[Source records]
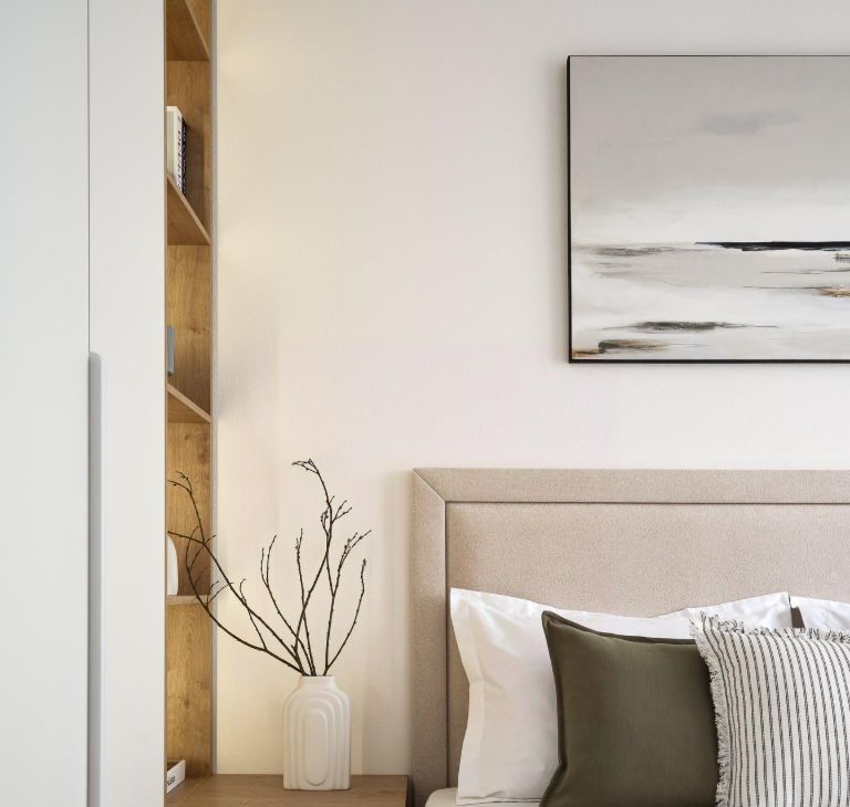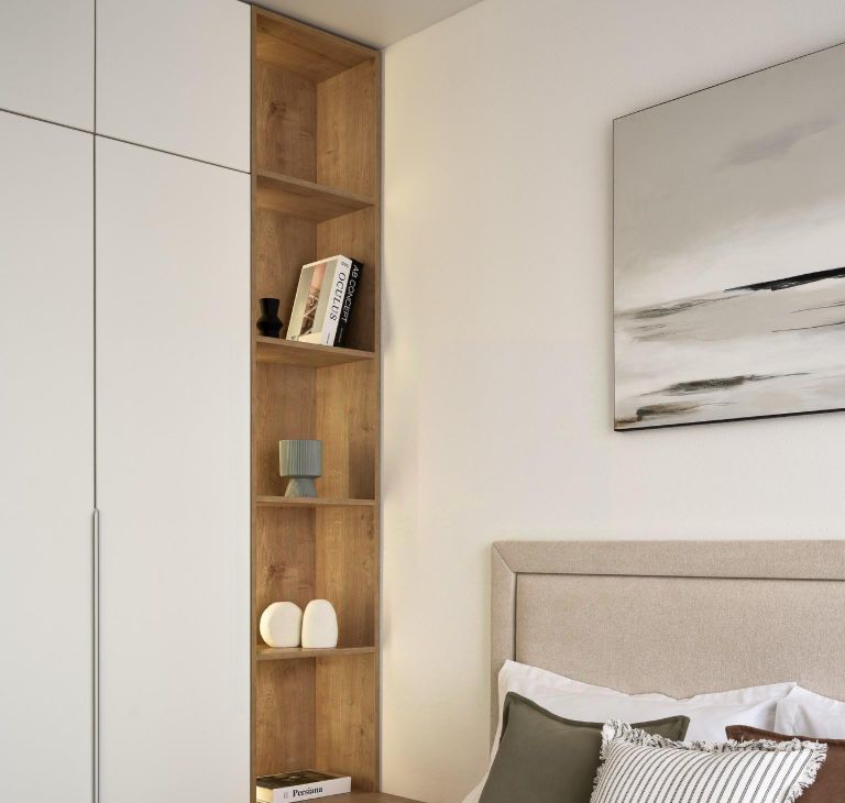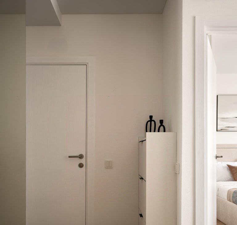 Много хранения - 4 встроенных шкафа от пола до потока.
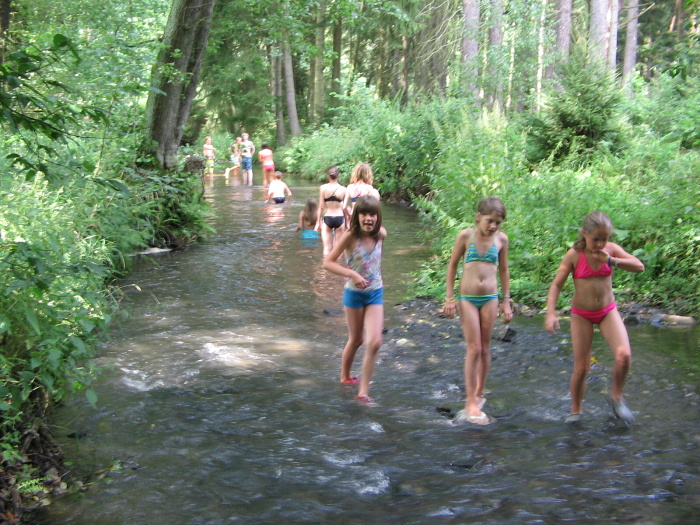 První koupání v tůni.
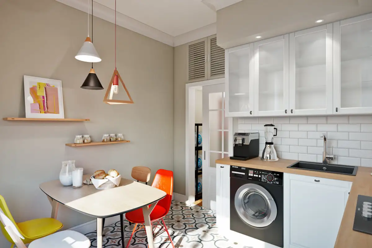 Touches of color come to cheer up the space and bring a touch of the family's personality; we thus have colorful chairs, lighting fixtures with different designs, or decorative ceramic tiles on the floor level.
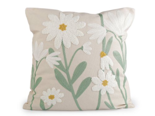 Obliečku na vankúš zdobí dizajnová výšivka kvetov, bude sa v interiéri vynímať celoročne.
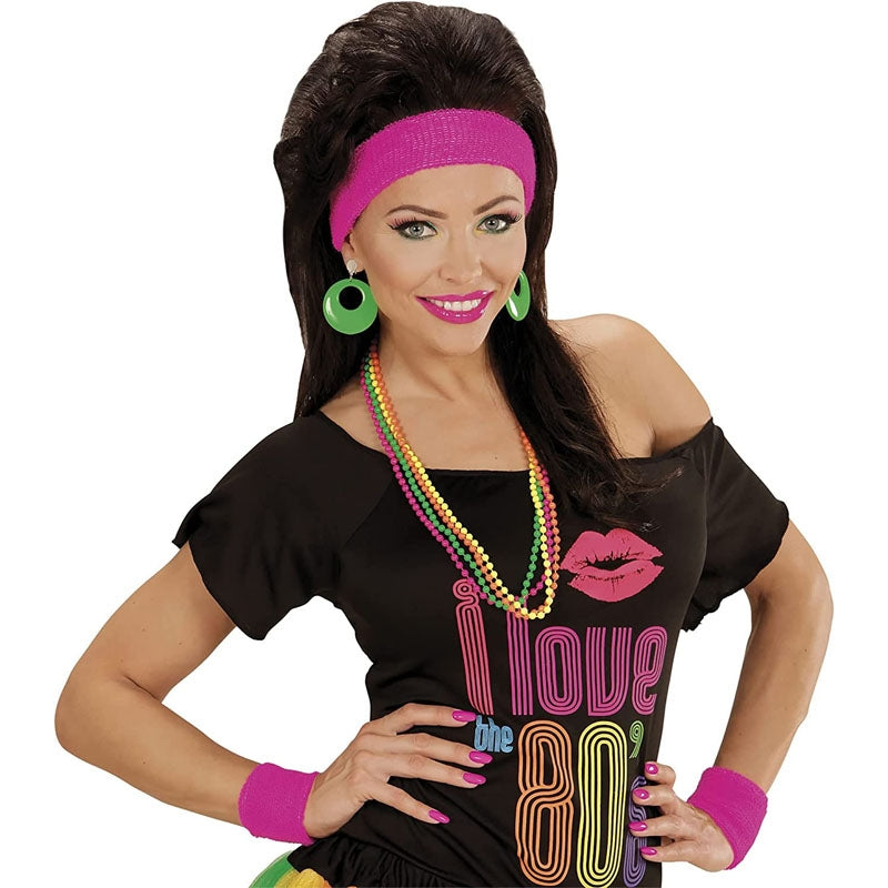 Kit gimnasta rosa de los años 80 es el toque original perfecto para completar tu disfraz de forma llamativa y colorida en cualquier evento de disfraces, Carnaval o fiesta temática | Contiene banda para la cabeza y 2 muñequeras
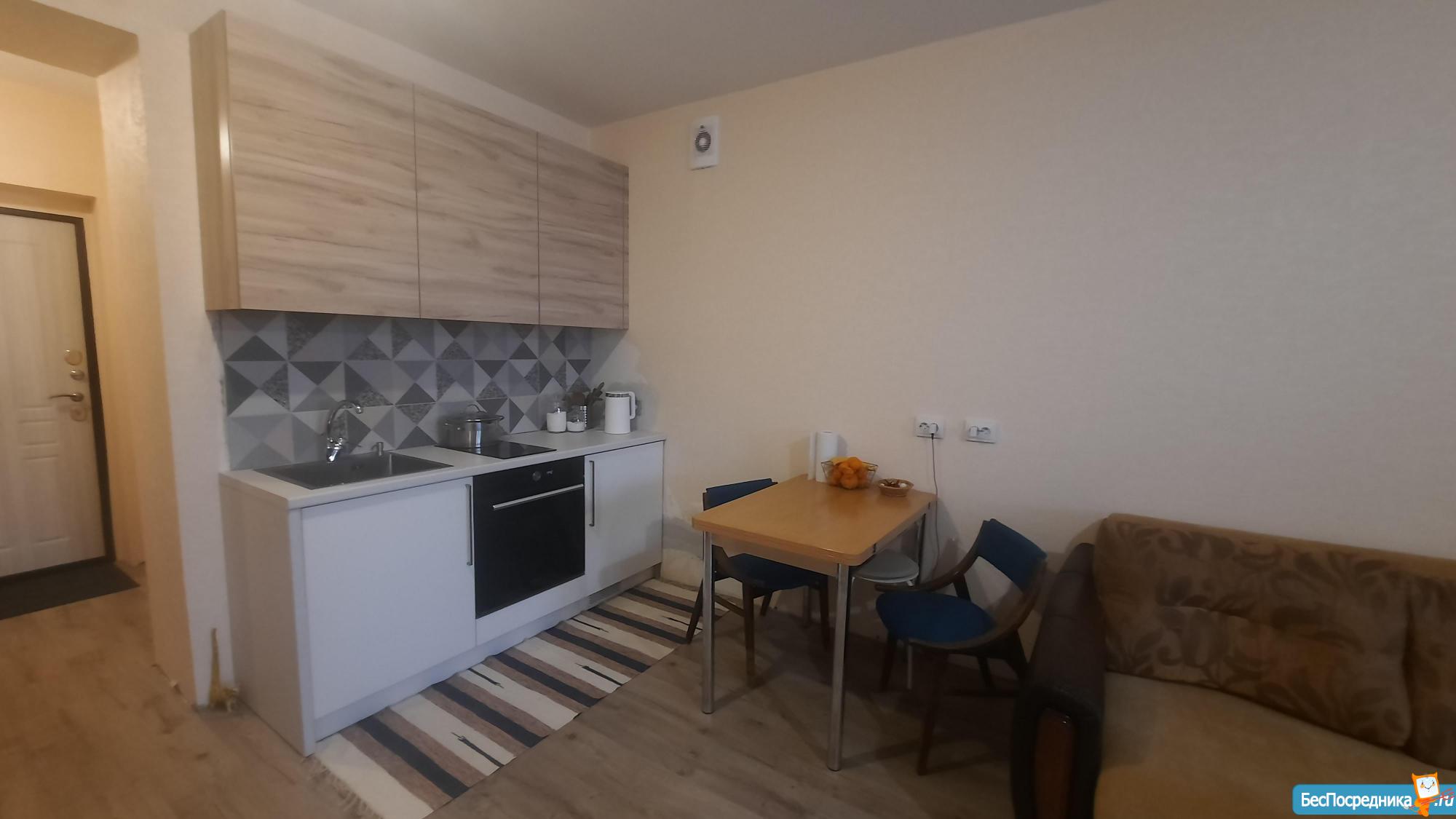 Квартира-студия, в новом доме, ламинат, распашные двери с остеклением в пол, новый кухонный гарнитур, встроенная техника, вся необходимая мебель и техника есть. Есть шкафы для одежды. Рядом новый детский сад и школа. Оплата 20000р+квитанция. Залог 20 т.р. Без посредников и комиссии.
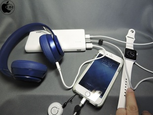 iPhone 6は1.3A、Apple Watch Sportは1.0A、Beats by Dr.Dre Solo2 Wirelessは1.0Aで充電されますが、合計最大4Aに収まるため、3つとも充電が可能でした。
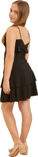 A tiered skirt gives extra movement to this sequin-adorned party dress that'll twirl with each step they take. Don't forget that bow back detailing!

◆ What is expected ◆
Once the line containing "Obliečku na vankúš" has been located, transcribe exactly and only every line from the first line of the entries through it, excluding pictures.

◆ Reply to the task ◆
 Много хранения - 4 встроенных шкафа от пола до потока.
 První koupání v tůni.
 Touches of color come to cheer up the space and bring a touch of the family's personality; we thus have colorful chairs, lighting fixtures with different designs, or decorative ceramic tiles on the floor level.
 Obliečku na vankúš zdobí dizajnová výšivka kvetov, bude sa v interiéri vynímať celoročne.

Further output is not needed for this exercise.